According to Dr.Panicker, the approach is not only restricted to COVID-19 detection but also to identifing other lung infections such as pulmonary oedema, pulmonary embolism, pneumonia, pneumothorax, COPD or asthma with the availability of clinical data.

Dr. Prasad says the Chinese Critical Care Ultrasound Study Group had reported that lung abnormalities may develop before clinical manifestations and nucleic acid detection in the case of COVID-19 infection.

Also, early chest computerised tomography (CT) has been recommended for screening suspected COVID-19 patients. However, the high contagiousness of COVID-19 and the risk of transporting unstable patients make chest CT a limited option for those who have contracted the disease. LUS has the added advantage of ease of use at point-of-care (portability), repeatability, absence of radiation exposure, and low cost.

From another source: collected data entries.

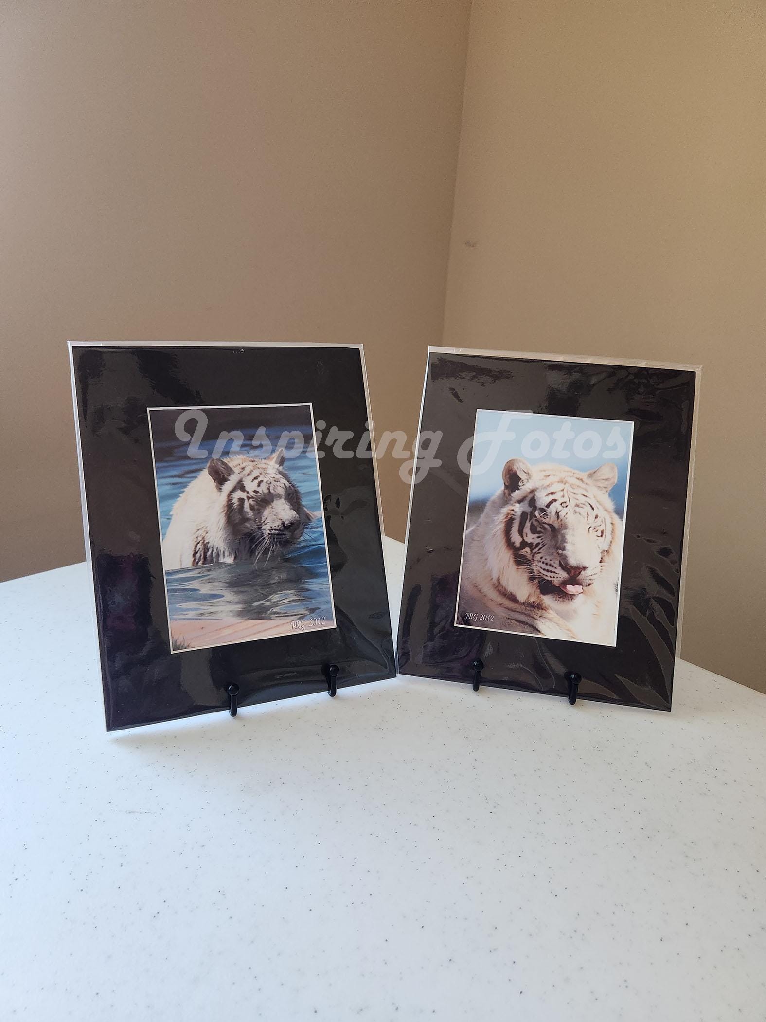 New Items: These 8 x 10-inch matted wall art are part of the Touch of Wildlife collection. These 5 x 7-inch color photos of a white tiger swimming in the water to cool off after a long day of play or chilling on the loft was taken at a wildlife park in Arizona. This matted wall art is a great gift for any occasions for those friends or family members who decorate their homes with a wildlife theme. Bring a Touch of Wildlife into your home.
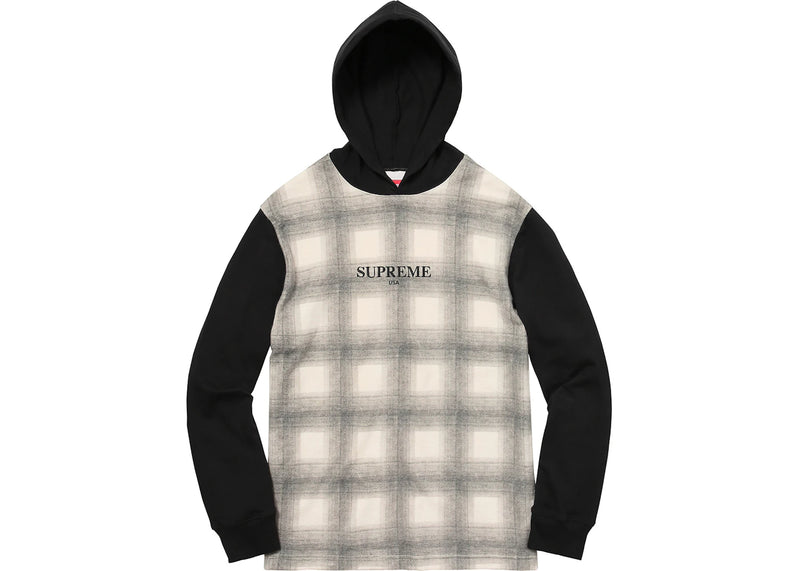 The Supreme Shadow Plaid Hooded L/S Top Black is now available at Side Kicks!
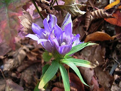 道端には菊の一種でしょうか?白い小さな花や名前不明の赤い実がなっていました。連行峰には11時過ぎに到着しました。樹木に遮られて見通しはあまり良くない場所ですが、ここからは東西に伸びた日当たりのいい尾根道が続きます。ただ天気はいいのですが霧が多くて見晴らしは良くなくてちょっと心配になってきました。三国峠に着くまでに霧が晴れることを祈って出発です。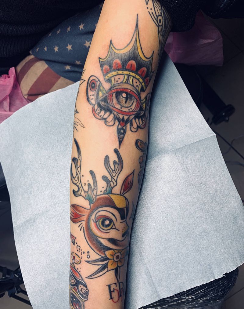 当前位置: 首页 >山西省太原市纹身店-SKY刺青工作室纹身图案>拼接花臂纹身图片_Old School纹身图案

In the past few weeks, he says LUS has been proposed as the single imaging-based screening and monitoring approach for the safety of healthcare practitioners. However, LUS is not very commonly adopted in India and ultrasound, by nature itself, requires specific experience and skill.

Dr. Prasad says the uploaded images are classified into healthy lung, viral infection, and bacterial infection. But in the case of severity of infection, the images have been classified into levels of increasing severity such as normal lung characterised by A lines and healthy pleura, slightly infectious lung with A + B lines, infectious lung with only B lines or heavy B patch, and serious lung infection characterised by lung consolidations and air bronchograms.

Currently, the classification of infection type has an accuracy, sensitivity and specificity of 96%, 95% and 97% respectively, whereas the severity classification has accuracy, sensitivity and specificity of 97 %, 92% and 98% respectively.